I adapted the code s.t. it spawns a predefined amount of workers and only iterates through the input list if there exists an idle worker. I also enabled the "daemon" mode for the workers s.t. ctrl-c works as expected.

import multiprocessing


def fun(f, q_in, q_out):
    while True:
        i, x = q_in.get()
        if i is None:
            break
        q_out.put((i, f(x)))


def parmap(f, X, nprocs=multiprocessing.cpu_count()):
    q_in = multiprocessing.Queue(1)
    q_out = multiprocessing.Queue()

    proc = [multiprocessing.Process(target=fun, args=(f, q_in, q_out))
            for _ in range(nprocs)]
    for p in proc:
        p.daemon = True
        p.start()

    sent = [q_in.put((i, x)) for i, x in enumerate(X)]
    [q_in.put((None, None)) for _ in range(nprocs)]
    res = [q_out.get() for _ in range(len(sent))]

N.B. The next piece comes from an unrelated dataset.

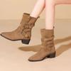 Modische, spitze Zehenpartie, warme Stiefeletten aus Wildleder für Damen im Winter, dicker Absatz, Metallgürtelschnalle, Design, moderne Stiefel für Damen

    [p.join() for p in proc]

    return [x for i, x in sorted(res)]


if __name__ == '__main__':
    print(parmap(lambda i: i * 2, [1, 2, 3, 4, 6, 7, 8]))

Solution 2:

I also was annoyed by restrictions on what sort of functions pool.map could accept. I wrote the following to circumvent this. It appears to work, even for recursive use of parmap.

from multiprocessing import Process, Pipe
from itertools import izip

def spawn(f):
    def fun(pipe, x):
        pipe.send(f(x))
        pipe.close()
    return fun

def parmap(f, X):
    pipe = [Pipe() for x in X]
    proc = [Process(target=spawn(f), args=(c, x)) for x, (p, c) in izip(X, pipe)]
    [p.start() for p in proc]
    [p.join() for p in proc]
    return [p.recv() for (p, c) in pipe]

if __name__ == '__main__':
    print parmap(lambda x: x**x, range(1, 5))

Solution 3:

Multiprocessing and pickling is broken and limited unless you jump outside the standard library.

If you use a fork of multiprocessing called pathos.multiprocesssing, you can directly use classes and class methods in multiprocessing's map functions. This is because dill is used instead of pickle or cPickle, and dill can serialize almost anything in python.

pathos.multiprocessing also provides an asynchronous map function… and it can map functions with multiple arguments (e.g. map(math.pow, [1,2,3], [4,5,6]))

See discussions: What can multiprocessing and dill do together?

and: http://matthewrocklin.com/blog/work/2013/12/05/Parallelism-and-Serialization

It even handles the code you wrote initially, without modification, and from the interpreter. Why do anything else that's more fragile and specific to a single case?

>>> from pathos.multiprocessing import ProcessingPool as Pool
>>> class calculate(object):
...  def run(self):
...   def f(x):
...    return x*x
...   p = Pool()
...   return p.map(f, [1,2,3])
... 
>>> cl = calculate()
>>> print cl.run()
[1, 4, 9]

Get the code here: https://github.com/uqfoundation/pathos

And, just to show off a little more of what it can do:

>>> from pathos.multiprocessing import ProcessingPool as Pool
>>> 
>>> p = Pool(4)
>>> 
>>> def add(x,y):
...   return x+y
... 
>>> x = [0,1,2,3]
>>> y = [4,5,6,7]
>>> 
>>> p.map(add, x, y)
[4, 6, 8, 10]
>>> 
>>> class Test(object):
...   def plus(self, x, y): 
...     return x+y
... 
>>> t = Test()
>>> 
>>> p.map(Test.plus, [t]*4, x, y)
[4, 6, 8, 10]
>>> 
>>> res = p.amap(t.plus, x, y)
>>> res.get()
[4, 6, 8, 10]